For programmers with a background in procedural programming this can make certain tasks difficult. Of course it is possible to mimic stateful behavior by making extensive use of recursive calls, but the stylesheets become hard to understand and execution requires a lot of memory.
In addition, XSLT does not have a complete set of built-in mathematical operators. For example, there are no trigonometric or logarithmic functions. This can be a disadvantage if, for example, we want to generate business graphics in SVG format. It is not impossible (one programmer succeeded in solving differential equations with XSLT!), but it is difficult.
Last but not least, the result of an XSLT style sheet transformation is always written to a single output stream. We cannot split output into several files (this issue is addressed in XSLT 1.1).
These limitations necessitate an extension mechanism, which XSLT fortunately provides. Several XSLT processors provide extensions, most notably Michael Kay's Saxon and the Apache Group's Xalan.
However, although the extension mechanism is standardized, the extensions themselves are not, so you have to choose a specific processor and stay with it.
There are several ways to apply stylesheets to an XML document. The common way is to supply a pointer to a stylesheet within a processing instruction of an XML document, for example:
<?xml-stylesheet type="text/xsl" href="album.xsl"?>
This processing instruction causes the XML processor to apply the stylesheet album.xsl to the content of the XML document.

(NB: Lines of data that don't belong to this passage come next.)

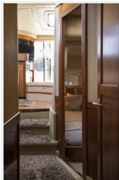
Steps to the staterooms
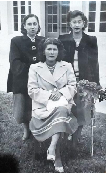
Equipo Docente 1951
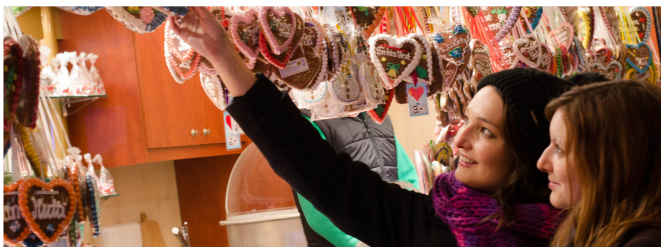
Waldweihnacht (05.12.2013,)

Jedes Jahr verzaubert Erlangen seine Besucher mit zwei verschiedenen Weihnachtsmärkten. Die Waldweihnacht auf dem Schlossplatz zum einen – und zum anderen der Historische Weihnachtsmarkt am Neustädter Kirchenplatz.

In many cases, the XML client is a web browser. This is fine as long as we have control over which web browsers are used (for example, in an intranet) and can guarantee that all clients understand XSLT 1.0. But on the Internet we can be quite sure that not all clients (for example PDAs) can handle XSLT, so the conversion from XML to HTML must be done on the server.
Tamino's serialization method, in combination with the XSLT server extension, offers exactly this functionality. Using serialization, a server extension call can be included in a query. The XSLT server extension, as described in the chapter Example: XSLT Server Extension of the server extension documentation, makes XSLT transformations of XML documents retrieved from Tamino, using stylesheets that are stored in Tamino.
For storing stylesheets, we first define a small schema for the stylesheet document type:
<?xml version = "1.0" encoding = "UTF-8"?> <xs:schema xmlns:xs = "http://www.w3.org/2001/XMLSchema" xmlns:tsd = "http://namespaces.softwareag.com/tamino/TaminoSchemaDefinition" xmlns:xsl = "http://www.w3.org/1999/XSL/Transform" targetNamespace = "http://www.w3.org/1999/XSL/Transform" > <xs:annotation> <xs:appinfo> <tsd:schemaInfo name = "stylesheet"> <tsd:collection name = "encyclopedia"/> <tsd:doctype name = "xsl:stylesheet"> <tsd:logical> <tsd:content>closed</tsd:content> </tsd:logical> </tsd:doctype> </tsd:schemaInfo> </xs:appinfo> </xs:annotation> <xs:element name = "stylesheet"/> </xs:schema>
Note that we have defined a single untyped element with the name
stylesheet
. Accordingly, we have used the same name for the
document type.
After we have defined this schema to Tamino,
we can add stylesheets to our encyclopedia
collection. To be able
to identify these stylesheets later, we use the option to store a document
instance under a particular document name (@ino:docname
). This
allows us to retrieve that document by its name via URL (see
From Schema to
Tamino::Object Identity).
The documentation for the SerializationSpec expression in the XQuery Reference Guide provides further information about the use of serialization.